Monument and park in New Jersey, U.S.

The Camp Merritt Memorial Monument is dedicated to the soldiers who passed through Camp Merritt, New Jersey on their way to fight in Europe in World War I, especially the 578 people - 15 officers, 573 enlisted men, four nurses and one civilian - who died at the camp due to the worldwide influenza epidemic of 1918, whose names are inscribed at the base of the monument. The memorial is located at the center of the traffic circle on the borders of Cresskill and Dumont in Bergen County, New Jersey, at the intersection of Madison Avenue and Knickerbocker Road (CR 505). Camp Merritt was a major embarkation camp which processed more than a million soldiers, and the monument marks its center. Bergen County purchased the property for the site of the monument in 1919.

==Background==
The monument, which is a replica of the Washington Monument, is a 66 ft tall obelisk, constructed of Stony Creek granite by the Harrison Granite Company. It features a large carved relief sculpted by Robert Ingersoll Aitken, which portrays a World War I doughboy with an eagle above it.
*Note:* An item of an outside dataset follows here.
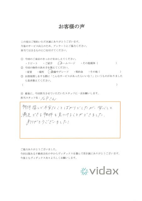 物件探しで不安なことばかりでしたが、安心して満足できる物件を見つけることができました。ありがとうございました!

An inscription on the south side states that the obelisk "marks the center of the camp and faces the highway over which more than a million American soldiers passed on their way to and from the World War, 1917–1919." Near the monument on a large boulder is a copper plaque designed by Katherine Lamb Tait which has a relief of the Palisades, and in the ground is a dimensional stone carving of a map of Camp Merritt.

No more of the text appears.